The task is as follows:

Enter an integer a and output the sum of squares of all numbers from 1 to a with a step of 0.1. (1 ^ 2 + 1.1 ^ 2 + 1.2 ^ 2 + ... + a ^ 2)

The solution algorithm is as follows:

result := 0 while (a >= 1) do begin result := result + a * a; a := a - 0.1; end;

At the end of the program, the result should be:

 При a = 1.1 result = 2.21 При a = 3 result = 91.7

The variable a , in any case, at the end of the program must be equal to 0.9 .

The problem is as follows. When a = 1.1 everything is correct, but starting from 1.2 and further, the program produces as a result 1 less than necessary: a = 3; result = 90.7 a = 3; result = 90.7 , at the same time, at the end of the program, a = 0.9(9) .

If the algorithm is modified: the variable a is multiplied by 10 after input, and then it is not a cycle that squares the expression a / 10 , but everything starts to work correctly (the second line in the cycle will be: a := a - 1 ).

What could be the problem?

  • problem in the representation of fractional numbers in binary form. In short - 0.2 it is impossible to imagine exactly. - kami
  • @kami, then the modified algorithm is the only solution to the problem? - nup
  • In your case - it is possible. But it is worth trying this: to compare real numbers, use Math.SameValue and Math.CompareValue (I think they are in D7). Emnip, there is an explanation for this effect on CO, but I didn’t find it on the move ... - kami

1 answer 1

The problem is that the numbers are represented in binary form. The decimal value 0.1 cannot be represented in binary form as a final fraction, it is equal to 0.0001100110011 ... 2 or 0.0 (0011) 2 in the standard notation of rational fractions.

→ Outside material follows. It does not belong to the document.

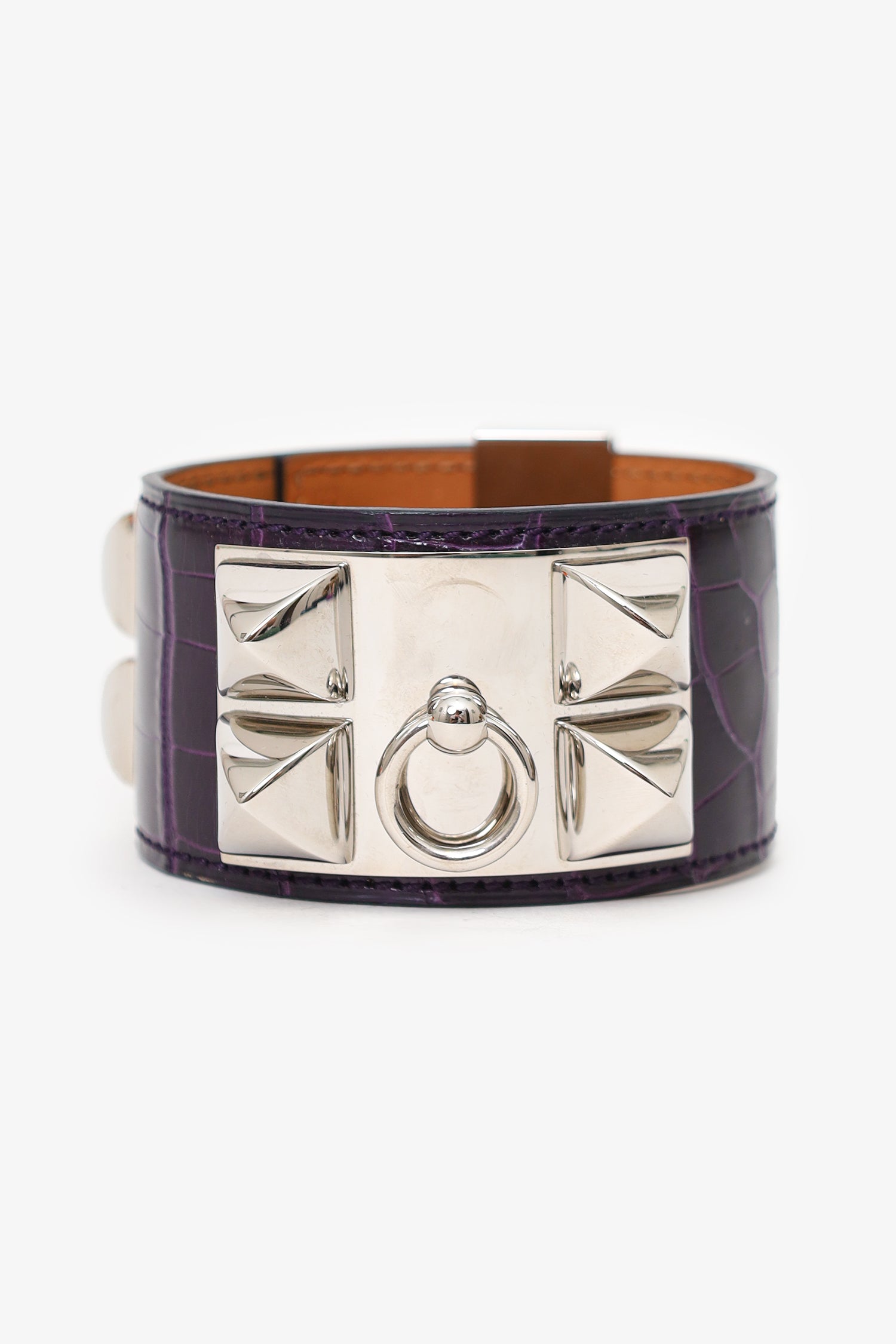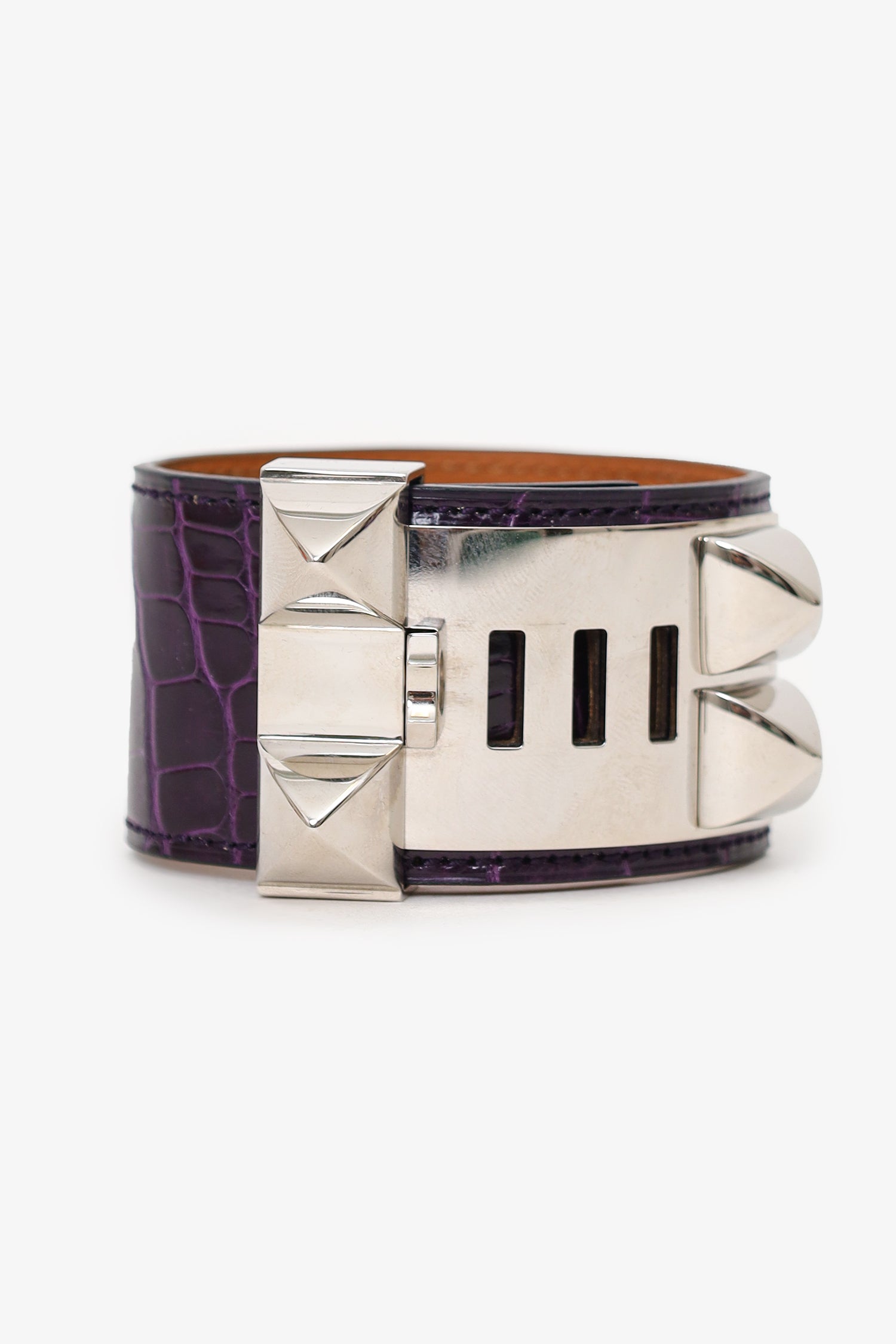 Refresh availabilityHermès 2009 Purple Alligator Leather Collier de Chien Bracelet. Slide-lock closure. Silver-tone hardware. Tonal stitching.

Double-precision floating-point numbers contain 53 binary decimal places, the infinite part of the fraction is discarded. As a result, instead of the exact value of 0.1, we have the number 0.10000000000000055511151231257827021181583404541015625. If you print it with not very high accuracy, you will get 0.1, but this is only the result of rounding. When rounded to the 17th digit, 0.1000000000000001 is obtained, and the last digit is involved in the calculations. Therefore, two times subtracting from 1.2 a value of 0.1, you get a number less than 1.

There is no simple solution to such problems for all occasions. The simplest in your case will be emulation of numbers with a fixed comma, for example, as you did.

You can simplify the calculations by calculating the sums of squares of integers, and dividing the result by 100:

a 2 + (a + 0.1) 2 + (a + 0.2) 2 + ... =

(10a) 2/100 + (10a + 1) 2/100 + (10a + 2) 2/100 + ...

You can use libraries that provide work with rational numbers, with numbers in the decimal number system (like the decimal type in C #), or with numbers of high precision.